How to improve your journaling with the help of famous diarists.
In the past few years, journaling and self-authorship gained popularity among literary enthusiasts as well as people who took an interest in psychology, psychoanalysis, or self-development in general.
I would like to tell you about the best journals I’ve read in recent years and how they can help you improve your self-discovery journey.
- Witold Gombrowicz- Diaries (1953–1969)
Fleeing Poland shortly after the start of the Second World War, Gombrowicz settled in Buenos Aires, Argentina.
He started keeping a diary in order for him to record his reactions to the literary critics’ responses to his novels and the political climate which was ever-changing in Europe of the 1940s. In this Diaries you can find commentaries on philosophy, the role of a nation in the development and growth of an artist, the hypocrisy of the emigree writers of the Polish scene, the love-hate relationship between Gombrowicz and Poland, his admiration and disgust for certain novelists and much more.
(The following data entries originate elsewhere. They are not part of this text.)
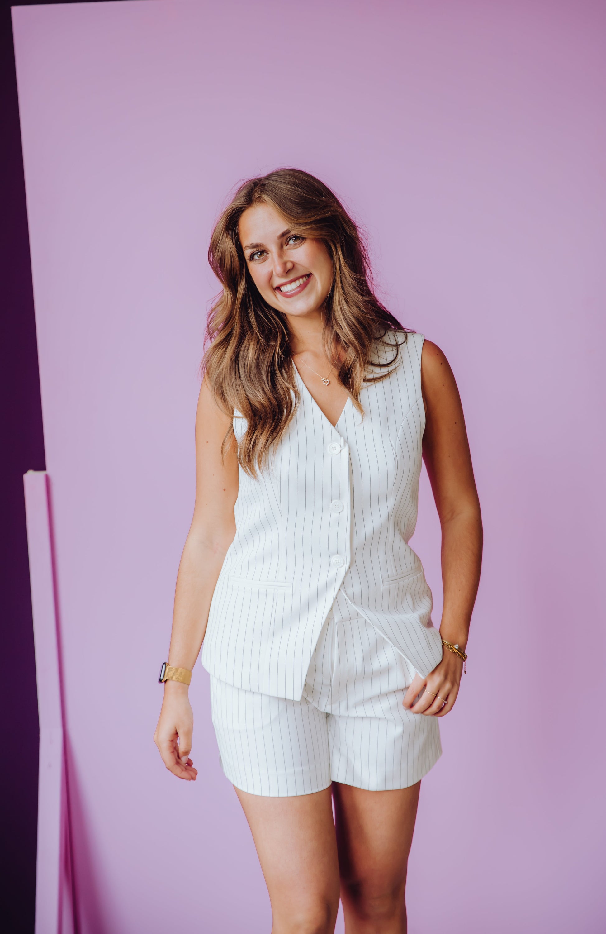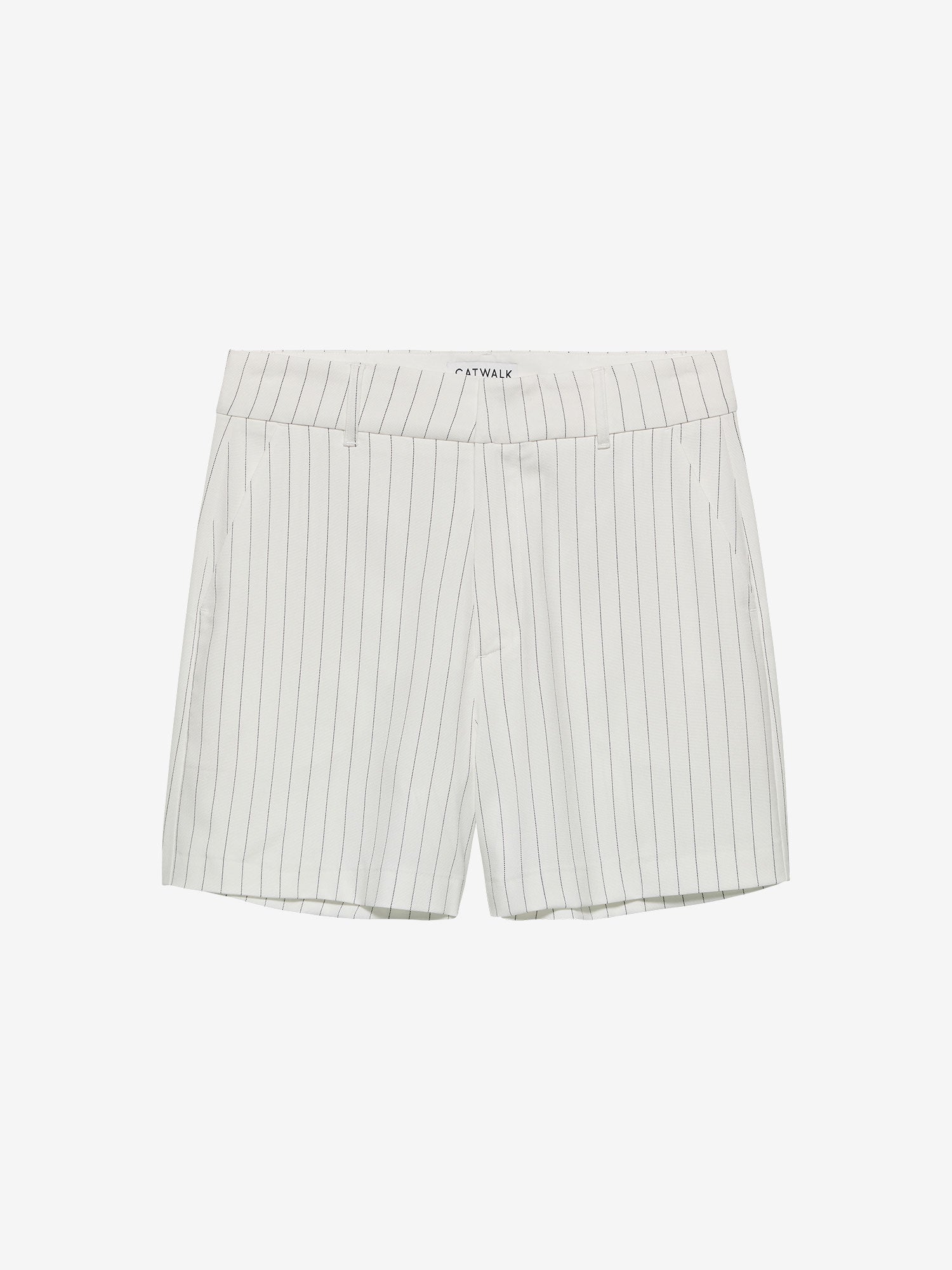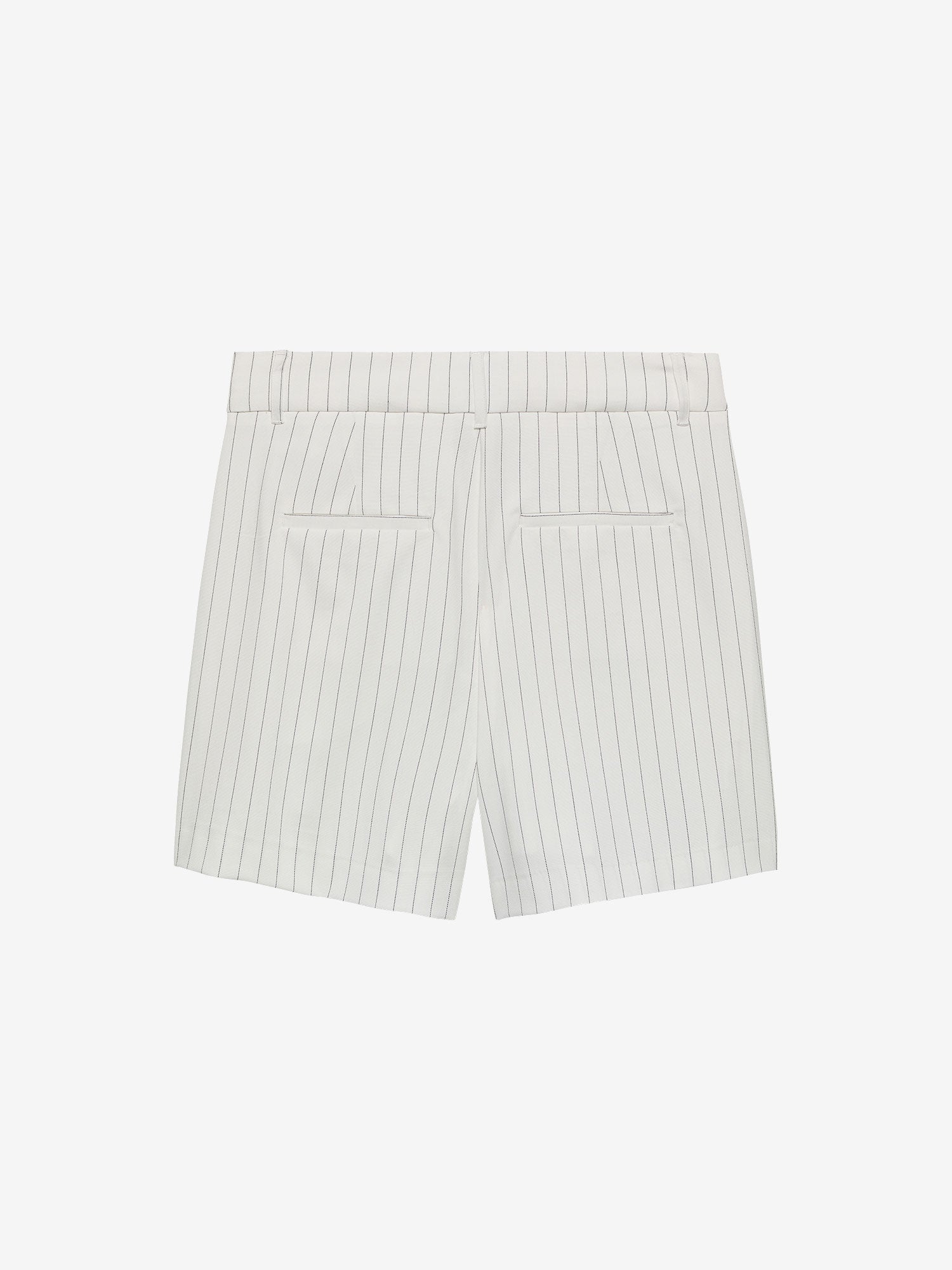 Deze korte broek is gemaakt van een lichtgewicht zomerse stof met een pinstripe. De broek heeft een regular fit en is afgewerkt met twee steekzakken aan de voorkant en nep zakken aan de achterkant. De haak-, knoop- en ritssluiting zorgen voor een nette en stevige sluiting. Een tijdloos model dat makkelijk te combineren is en is perfect voor warme dagen waarop je iets netters zoekt zonder dat het te strak of te formeel voelt.
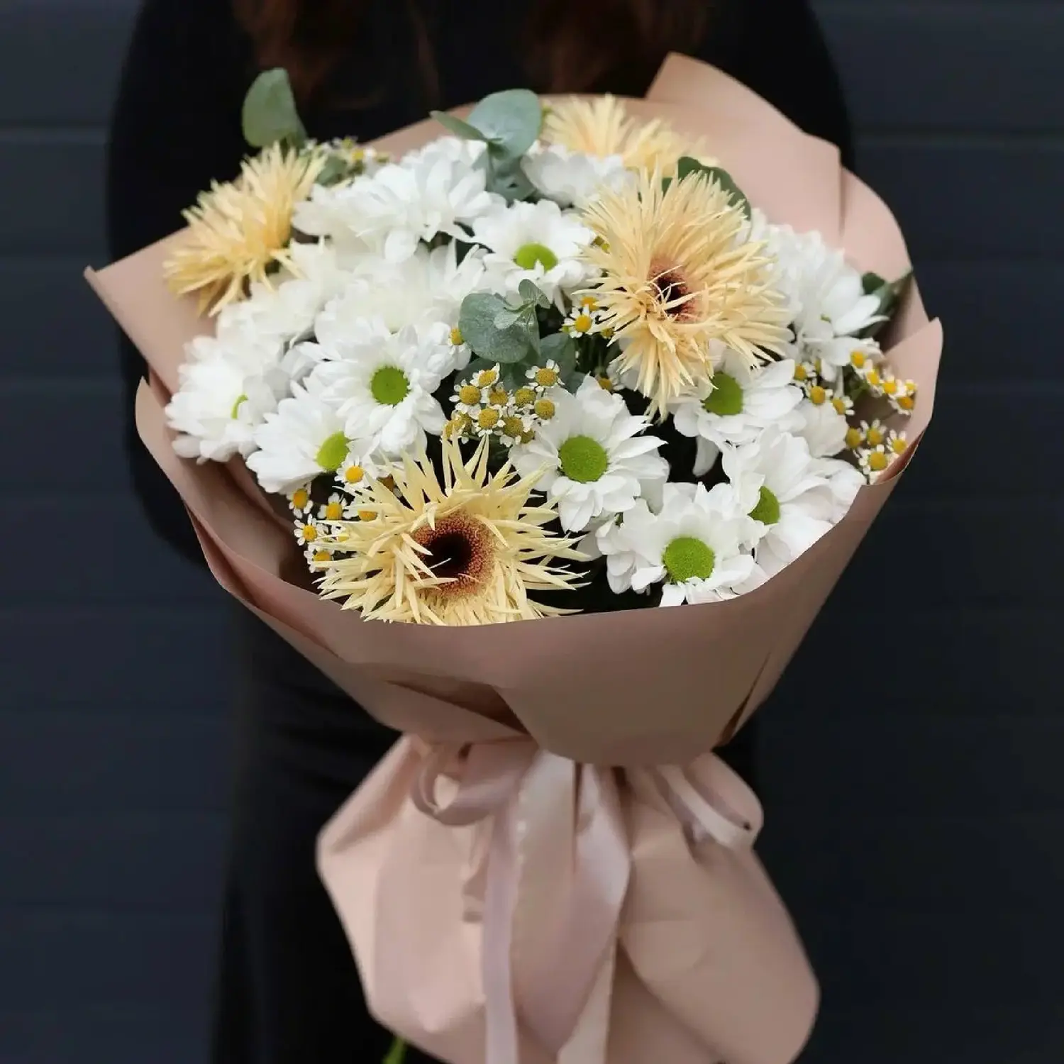 Авторский букет из гербер, ромашковой хризантемы и ромашки
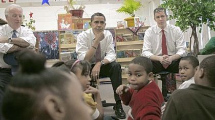 President-elect Barack Obama President-elect Barack Obama, center, flanked by Education Secretary-designate Arne Duncan, right, and Vice President-elect Joe Biden, visit students at the Dodge Renaissance Academy in Chicago last week, Students in the Pittsburgh area have written to the president-elect in anticipation of his inauguration.
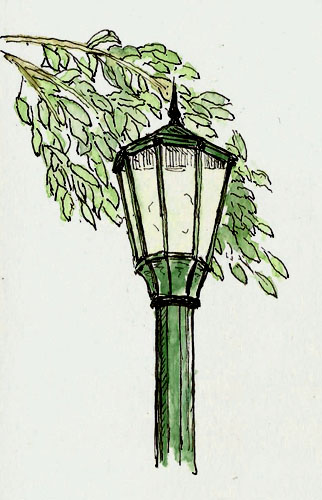 Both Karen and Alex drew Joan. I’d drawn her a couple times and decided this would be an opportunity to draw Karen instead. Because it was a simple drawing, I had time to do a small sketch of one of the lamp posts that surround the garden. Have I mentioned lately how much I love to draw lamp posts (grin)?
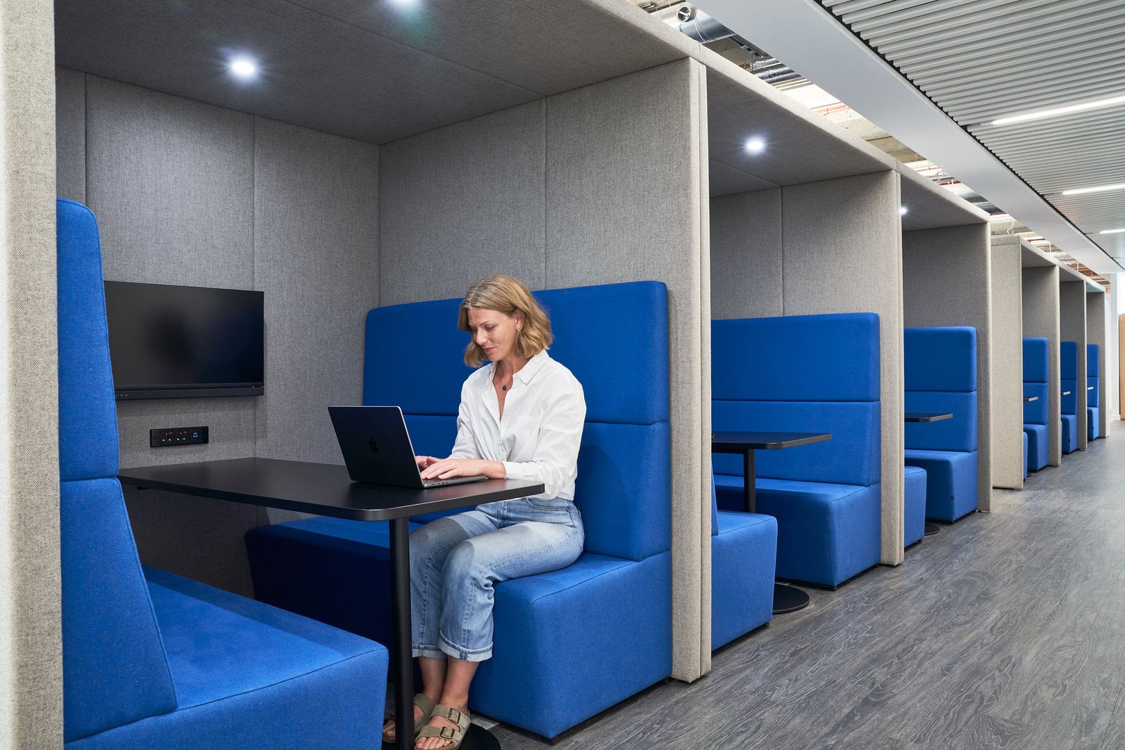 A diverse and largely open-plan workplace environment that that allows collaboration thanks to the widespread incorporation of acoustic components.
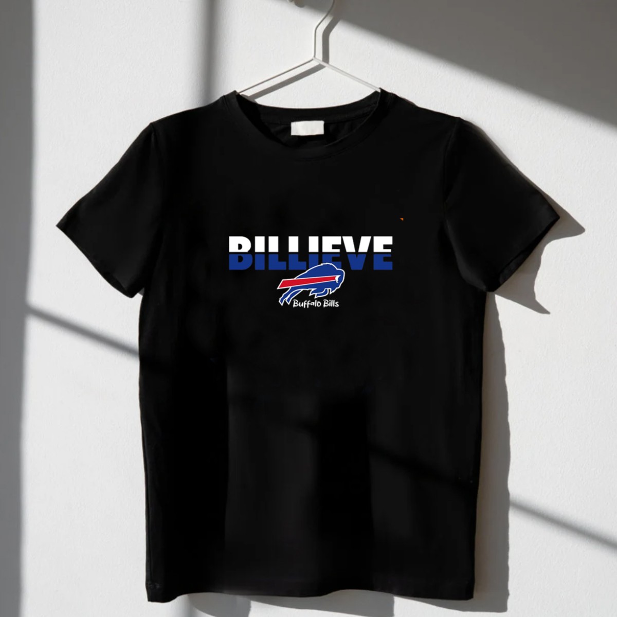 Show your unwavering support for the Buffalo Bills with the Billieve Buffalo Bills Football Fan Logo T-Shirt! Perfect for passionate fans, this graphic tee is designed for casual wear, themed events, or daily outings. Crafted with a fan-made design printed right here in the USA, it combines comfort and style, making it a must-have for any die-hard Bills supporter.
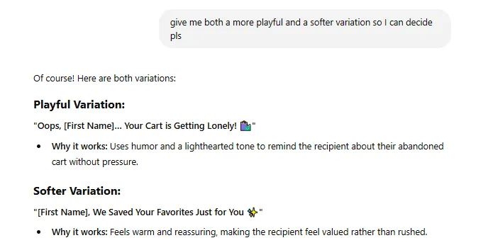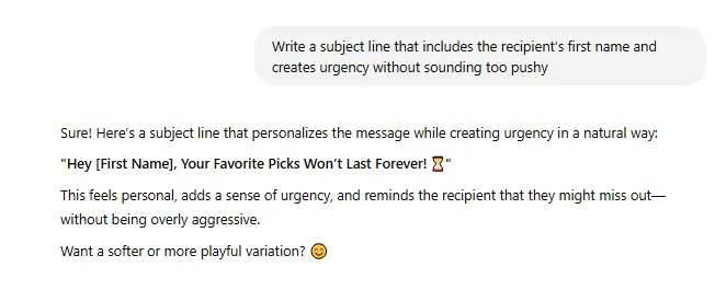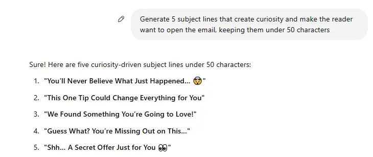 - Generate multiple subject line variations – Use AI to create different styles (e.g., curiosity-driven, question-based, urgency-focused).

Gombrowicz’s approach can help us to take the banalest aspects of life and turn them into studies about ourselves by taking a deeper look at how we react to day-to-day life. By recalling aphorisms and quotes, ideas, and characters from other novels, Gombrowicz shows us the power of our mind when tested with the upmost difficult questions on subjects we have dwelled on.
2. Gustave Flaubert- Memoirs of a Madman
Written by a young Flaubert, this short piece shows us that his famous nickname of “martyr of style” was well deserved.
Flaubert used to spend a week or more working on just one page, and by judging his Memoirs, we can have a glimpse of what he was about to become.
Memoirs deal mainly with the turmoil of being a young man, trying to balance morality, religion, and the lack of both, all the while committing oneself fully to the literary arts. Flaubert portrays with grace what youthfulness can do if it is wasted and how to prevent such a tragedy.
If you were not necessarily impressed by Madame Bovary, I would urge you to take a look at Memoirs and I promise you will have a completely new understanding of Flaubert as a novelist.
3. Karl Ove Knausgaard- My Struggle
Probably the most famous one in here, My Struggle fascinated the literary scene for the past 10 years.
Written without any inhibitions, but also with a lot of shame, My Struggle spans over 3,500 pages, detailing a family man’s everyday life, including the most boring and the most painful aspects of it.
Going from page to page, you can find a paragraph about making tea and another one about the death of a family member. From raising children and dealing with their tantrums, to descriptions of nature.
Knausgaard’s easy flowing prose combined with a thoughtful expression shows us why we all can produce high-quality literature only if we pondered about our lives in a different manner. By rising above the self, we can have a more clear view of what it means to be us, therefore making it easier to explain to others.
Whatever style or approach you choose, journaling will help you answer questions about yourself you’ve been asking for the longest time. Whether it is laboring on finding “the perfect word” or going on about your daily life, journaling is a solution that holds a lot of therapeutic power.